◆ Exercise requirements
Reproduce the data below exactly as written. Pictures do not belong in the copy.

◆ Supplied data
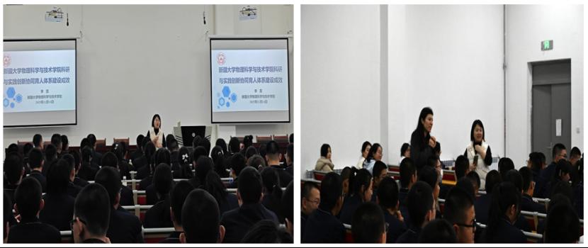 活动伊始,学院学术副经理李蕊老师代表学院对新疆实验中学师生一行表示热烈欢迎,并围绕“科研与实践创新协同育人体系建设成效”展开详细介绍。报告从学院学科布局、团队力量、科研平台搭建、人才培养模式等维度,重点讲解了学院如何通过“科研项目驱动教学、实践平台支撑创新”,实现理论教学与科研实践的深度融合,同时分享了学院在物理领域的代表性成果与员工成长案例,让在场学子对高校物理学专业学习及未来发展方向有了清晰认知,进一步点燃了对物理学科的探索兴趣。
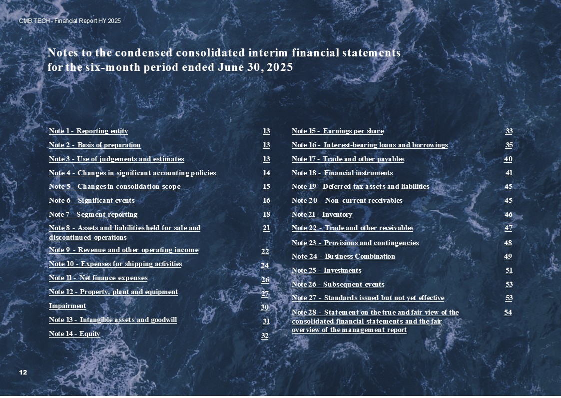 Notes to the condensed consolidated interim financial statements for the six-month period ended June 30, 2025  22  24  26  27  discontinued operations  Note 9 - Revenue and other operating income Note 10 - Expenses for shipping activities Note 11 - Net finance expenses  Note 12 - Property, plant and equipment Impairment  Note 13 - Intangible assets and goodwill Note 14 - Equity  30  31  32  Note 1 - Reporting entity  13  Note 15 - Earnings per share  33  Note 2 - Basis of preparation  13  Note 16 - Interest-bearing loans and borrowings  35  Note 3 - Use of judgements and estimates  13  Note 17 - Trade and other payables  40  Note 4 - Changes in significant accounting policies  14  Note 18 - Financial instruments  41  Note 5 - Changes in consolidation scope  15  Note 19 - Deferred tax assets and liabilities  45  Note 6 - Significant events  16  Note 20 - Non-current receivables  45  Note 7 - Segment reporting  18  Note 21 - Inventory  46  Note 8 - Assets and liabilities held for sale and  21  Note 22 - Trade and other receivables  47  Note 23 - Provisions and contingencies  48  Note 24 - Business Combination  49  Note 25 - Investments  51  Note 26 - Subsequent events  53  Note 27 - Standards issued but not yet effective  53  Note 28 - Statement on the true and fair view of the consolidated financial statements and the fair overview of the management report  54  CMB.TECH - Financial Report HY 2025  12
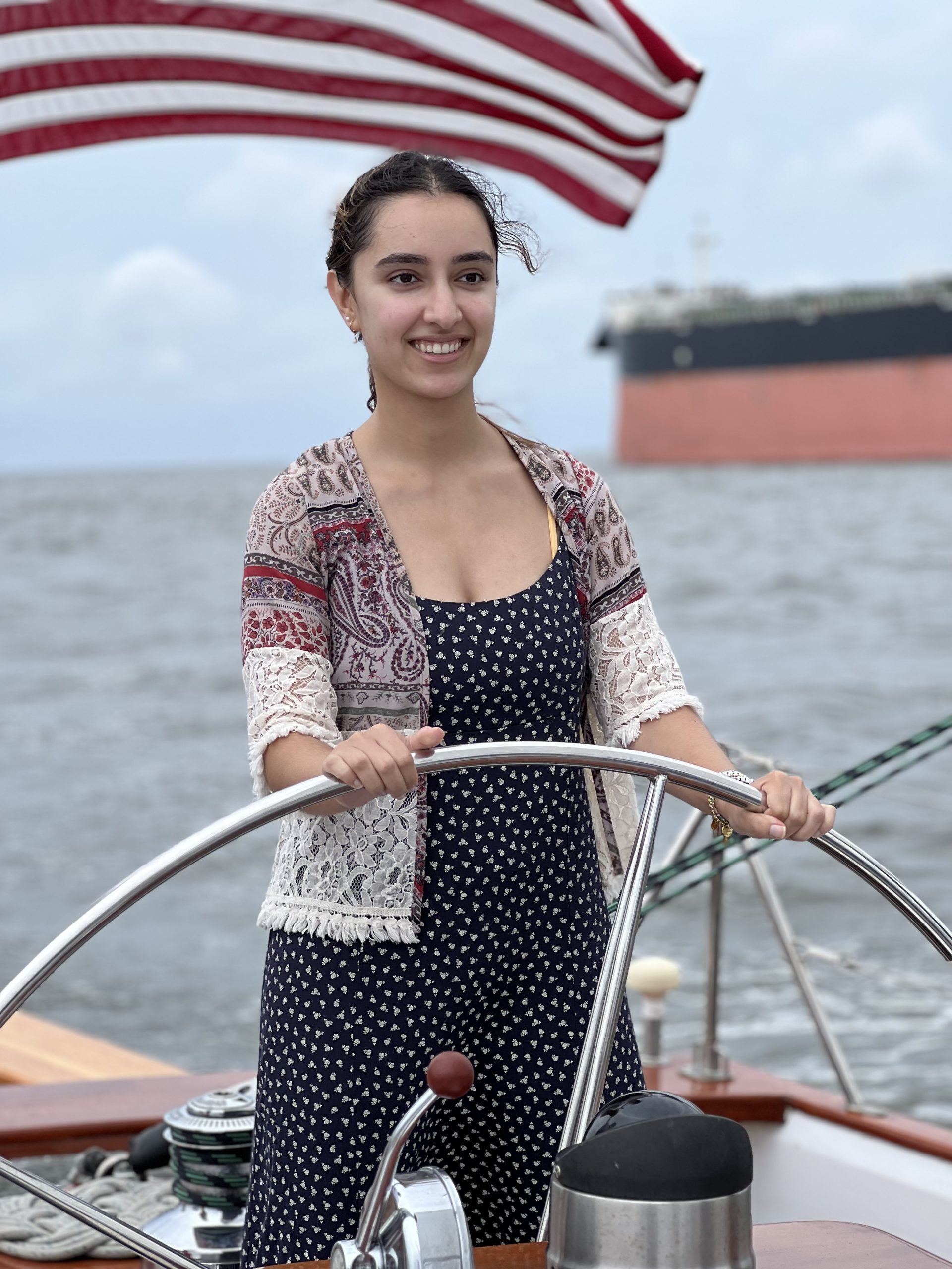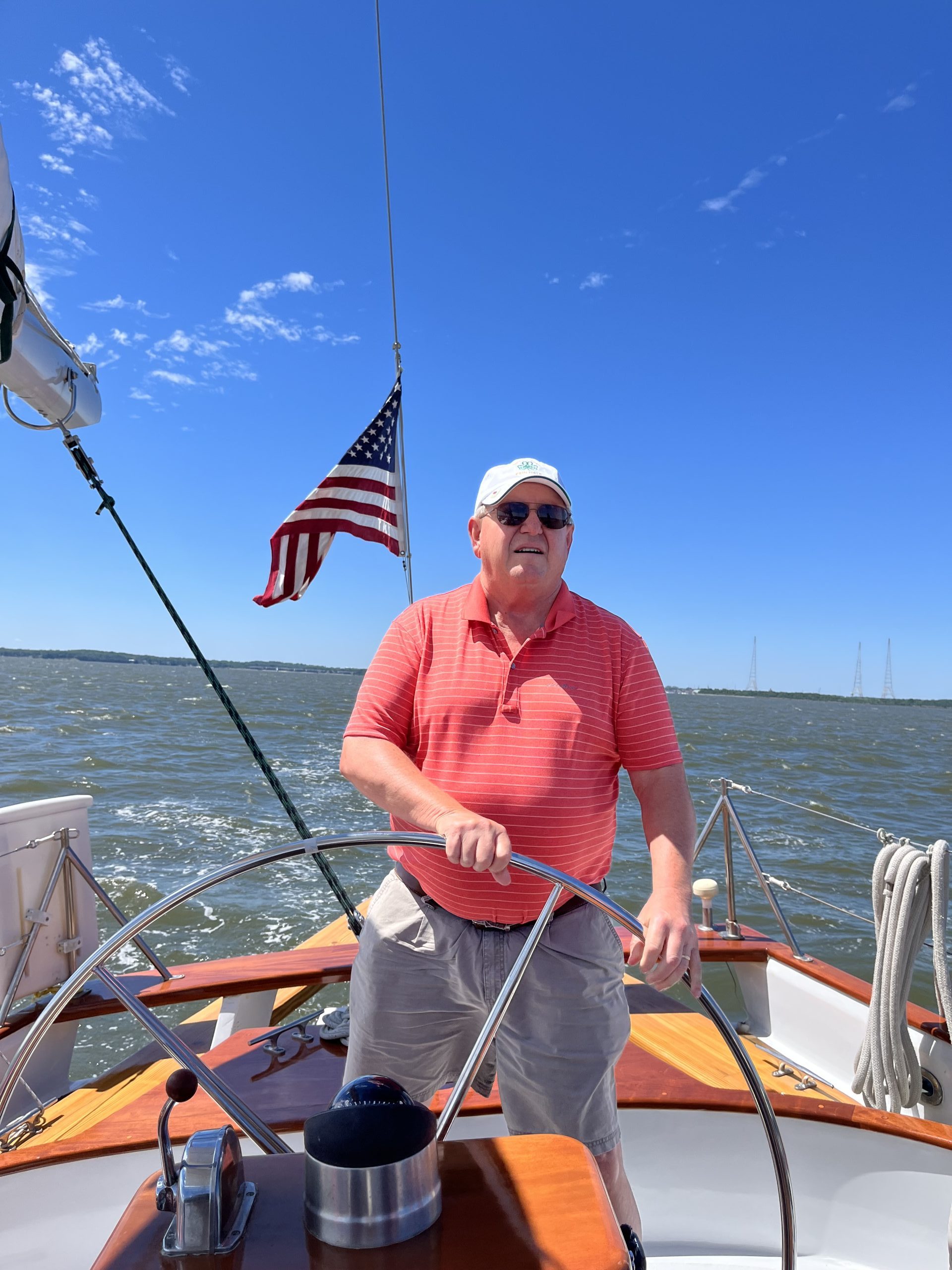 Living out one of my bucket list dreams to steer a sailboat Photo by Janine Eduljee of Alexandria, Virginia

◆ Result of this exercise
 活动伊始,学院学术副经理李蕊老师代表学院对新疆实验中学师生一行表示热烈欢迎,并围绕“科研与实践创新协同育人体系建设成效”展开详细介绍。报告从学院学科布局、团队力量、科研平台搭建、人才培养模式等维度,重点讲解了学院如何通过“科研项目驱动教学、实践平台支撑创新”,实现理论教学与科研实践的深度融合,同时分享了学院在物理领域的代表性成果与员工成长案例,让在场学子对高校物理学专业学习及未来发展方向有了清晰认知,进一步点燃了对物理学科的探索兴趣。
 Notes to the condensed consolidated interim financial statements for the six-month period ended June 30, 2025  22  24  26  27  discontinued operations  Note 9 - Revenue and other operating income Note 10 - Expenses for shipping activities Note 11 - Net finance expenses  Note 12 - Property, plant and equipment Impairment  Note 13 - Intangible assets and goodwill Note 14 - Equity  30  31  32  Note 1 - Reporting entity  13  Note 15 - Earnings per share  33  Note 2 - Basis of preparation  13  Note 16 - Interest-bearing loans and borrowings  35  Note 3 - Use of judgements and estimates  13  Note 17 - Trade and other payables  40  Note 4 - Changes in significant accounting policies  14  Note 18 - Financial instruments  41  Note 5 - Changes in consolidation scope  15  Note 19 - Deferred tax assets and liabilities  45  Note 6 - Significant events  16  Note 20 - Non-current receivables  45  Note 7 - Segment reporting  18  Note 21 - Inventory  46  Note 8 - Assets and liabilities held for sale and  21  Note 22 - Trade and other receivables  47  Note 23 - Provisions and contingencies  48  Note 24 - Business Combination  49  Note 25 - Investments  51  Note 26 - Subsequent events  53  Note 27 - Standards issued but not yet effective  53  Note 28 - Statement on the true and fair view of the consolidated financial statements and the fair overview of the management report  54  CMB.TECH - Financial Report HY 2025  12
 Living out one of my bucket list dreams to steer a sailboat Photo by Janine Eduljee of Alexandria, Virginia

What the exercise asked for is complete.